GIVEN MATERIAL –
◇ ◇ ◇ ◇
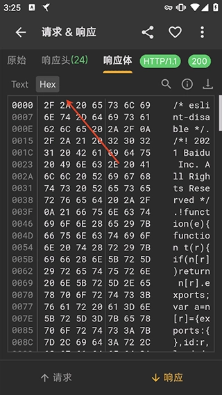 9、然后就可以点击自己的数据去拿响应体内的内容了,并且在查看数据时可以切换成文本格式或hex等视图模式下进行查看。
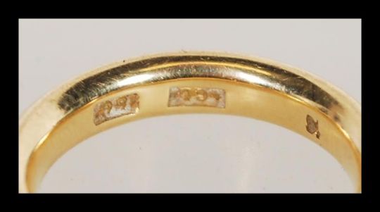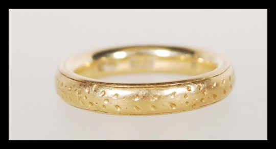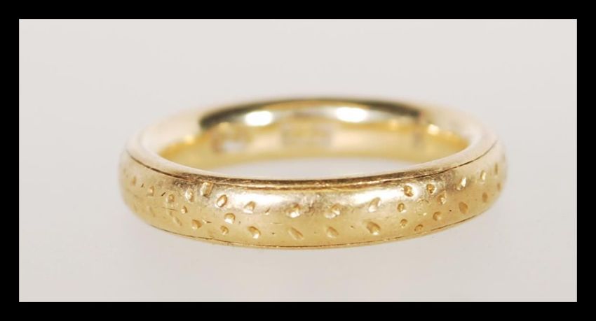 A stamped 18ct gold band ring having floral engraving. Size I. Weight 5.6g.
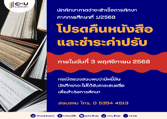 นักศึกษาคาดว่าจะสำเร็จการศึกษา ภาคการศึกษาที่ 1/2568 โปรดชำระหนี้สินและคืนหนังสือ ภายในวันจันทร์ที่ 3 พฤศจิกายน 2568
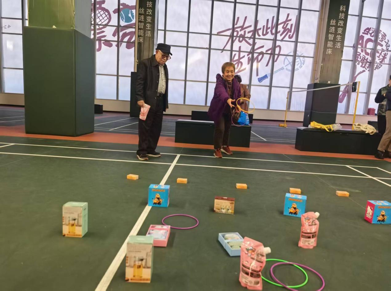 孝老爱亲,是深植于中华民族血脉中的精神根脉,运动会的项目设置充分贴合老年人的身心特点,主要注重参与感与趣味性。“套圈夺宝”区前早已排起了长队,五颜六色的塑料圈在老人们手中翻飞,瞄准心仪的日常用品稳稳抛出。有的老人凝神聚力、一击即中,引来周围阵阵欢呼;有的虽偶有失手,却在邻里的鼓励声中笑着再次尝试,每一次套中都化作孩童般的雀跃。“这个项目既不费力气,又能考验眼力和手劲,太适合我们老年人了!”刚套中一袋洗衣液的李阿姨捧着奖品,笑得合不拢嘴。另一边的“纸杯叠叠乐”项目同样精彩纷呈,成为展现默契与技巧的舞台。叔叔阿姨们两人一组,在30秒内合力将纸杯堆叠成塔,既要控制力度避免倾倒,又要默契配合提升速度。有的组合有条不紊、层层递进,快速搭建起挺拔的“纸杯塔”;有的虽中途失误导致纸杯散落,却立刻重整旗鼓、相互鼓劲,现场充满了欢声笑语。志愿者们在旁耐心指导,不时为老人们加油喝彩,小小的纸杯成为连接邻里情感的纽带,让陌生感在协作中悄然消融。“这活动真好!能活动筋骨,还能和大家一起热闹热闹,感觉自己也年轻了不少!”70岁的陶叔叔刚结束“套圈夺宝”项目,便忍不住向身边人分享喜悦,脸上的笑容格外灿烂。整场运动会始终洋溢着欢乐祥和的氛围,老人们相互鼓励、彼此喝彩,加油声、欢呼声与笑语声交织成动人的乐章。
◇ ◇ ◇ ◇
EXERCISE PROMPT – In the printed copy, the material above must appear unchanged and without its pictures.

ANSWER SECTION –
 9、然后就可以点击自己的数据去拿响应体内的内容了,并且在查看数据时可以切换成文本格式或hex等视图模式下进行查看。
 A stamped 18ct gold band ring having floral engraving. Size I. Weight 5.6g.
 นักศึกษาคาดว่าจะสำเร็จการศึกษา ภาคการศึกษาที่ 1/2568 โปรดชำระหนี้สินและคืนหนังสือ ภายในวันจันทร์ที่ 3 พฤศจิกายน 2568
 孝老爱亲,是深植于中华民族血脉中的精神根脉,运动会的项目设置充分贴合老年人的身心特点,主要注重参与感与趣味性。“套圈夺宝”区前早已排起了长队,五颜六色的塑料圈在老人们手中翻飞,瞄准心仪的日常用品稳稳抛出。有的老人凝神聚力、一击即中,引来周围阵阵欢呼;有的虽偶有失手,却在邻里的鼓励声中笑着再次尝试,每一次套中都化作孩童般的雀跃。“这个项目既不费力气,又能考验眼力和手劲,太适合我们老年人了!”刚套中一袋洗衣液的李阿姨捧着奖品,笑得合不拢嘴。另一边的“纸杯叠叠乐”项目同样精彩纷呈,成为展现默契与技巧的舞台。叔叔阿姨们两人一组,在30秒内合力将纸杯堆叠成塔,既要控制力度避免倾倒,又要默契配合提升速度。有的组合有条不紊、层层递进,快速搭建起挺拔的“纸杯塔”;有的虽中途失误导致纸杯散落,却立刻重整旗鼓、相互鼓劲,现场充满了欢声笑语。志愿者们在旁耐心指导,不时为老人们加油喝彩,小小的纸杯成为连接邻里情感的纽带,让陌生感在协作中悄然消融。“这活动真好!能活动筋骨,还能和大家一起热闹热闹,感觉自己也年轻了不少!”70岁的陶叔叔刚结束“套圈夺宝”项目,便忍不住向身边人分享喜悦,脸上的笑容格外灿烂。整场运动会始终洋溢着欢乐祥和的氛围,老人们相互鼓励、彼此喝彩,加油声、欢呼声与笑语声交织成动人的乐章。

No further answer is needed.